Later in the game a Lion was pinched for being north/south instead of east/west on a mark, but attempt a Mortal Kombat style fatality on a second gamer in the middle of the Gabba and she'll be right. At least it was consistent with Gawn and the SME going the full Weinstein on each other in ruck contests all night without penalty.
Other than nearly crippling two of our players, I enjoyed the anti-social nature of Brisbane's play. If players start being nicked at booze buses you'll know it's Luke Hodge's influence, but now that we've got past them with a win I hope they give sides the shits all year. Chief antagonist was Charlie Cameron, who put on what was probably the most niggly performance since Tom Bugg vs Richmond in 2016. The only Adelaide players I knew before the 2017 finals series were Scott Thompson, Eddie Betts, Kyle Cheney and Tex Walker, so like discovering Lever for the first time it was all new to me. What a show. He ran around like a greyhound, kicked goals, tried to start fights, and at one point celebrated a goal that he had absolutely nothing to do with by shaking his head wildly like a 1960s teenage girl at a Beatles concert.

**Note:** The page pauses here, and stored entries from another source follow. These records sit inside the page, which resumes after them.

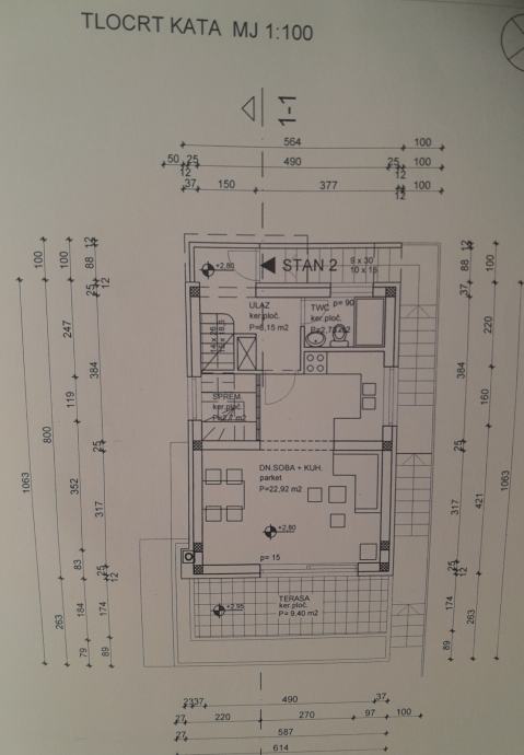 Stan je ukupne površine 82m2 te se prva etaža sastoji od ulaznog prostora, kuhinje, dnevnog boravka i blagovaonice, spremišta, stepeništa, gostinjskog wc-a i terase (9,40m2), a na gornjoj etaži smještene su 3 spavaće sobe, hodnik i kupaonica.
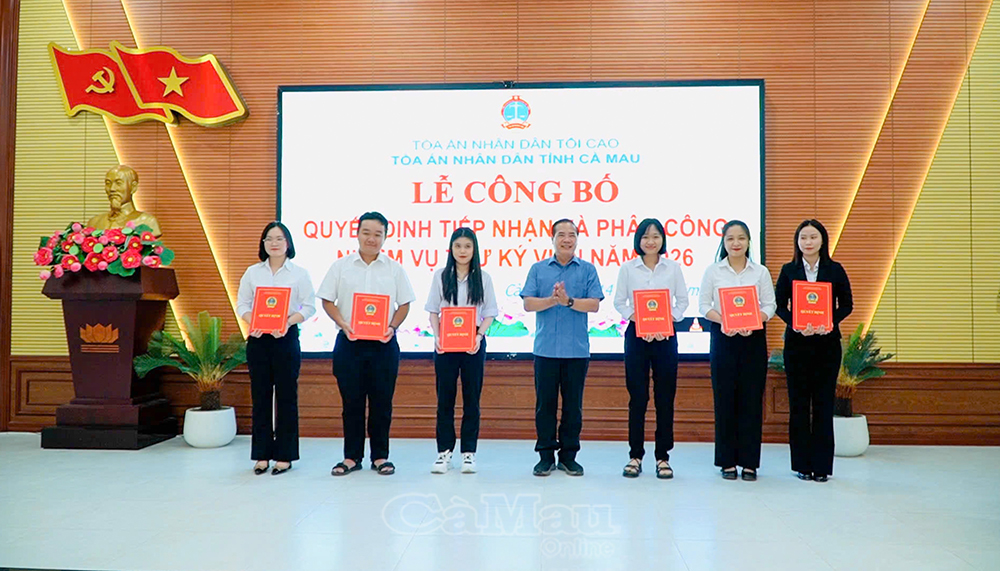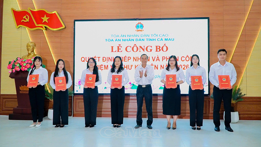 Theo Quyết định số 361/QĐ-TANDTC ngày 10/4/2026, có 14 ứng viên trúng tuyển kỳ thi tuyển dụng công chức TAND năm 2025 đã được phân bổ về TAND tỉnh Cà Mau. Toàn bộ số công chức này được tuyển dụng vào ngạch Thư ký viên, chính thức nhận nhiệm vụ từ ngày 15/4/2026.
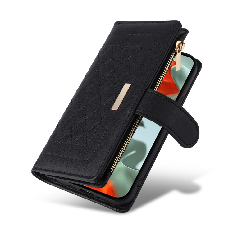 Funda de Cuero con Diseño de Rombos y Billetera Cruzada con Cremallera para Google Pixel 9 Pro XL (Negra)

On the other hand, how many players in the competition have a more punchable face than the stringy indie music haired Rhys Mathieson? Not bloody many. Speaking of punching people in the face, Bugg's kicking for goal concerns me. I like what does off the ball, but unless he's going to convert opportunities there's no spot for him. I'm also concerned at the lack of influence Melksham has had in the first two weeks, though I note he came good with a couple of great interventions when the game was on the line.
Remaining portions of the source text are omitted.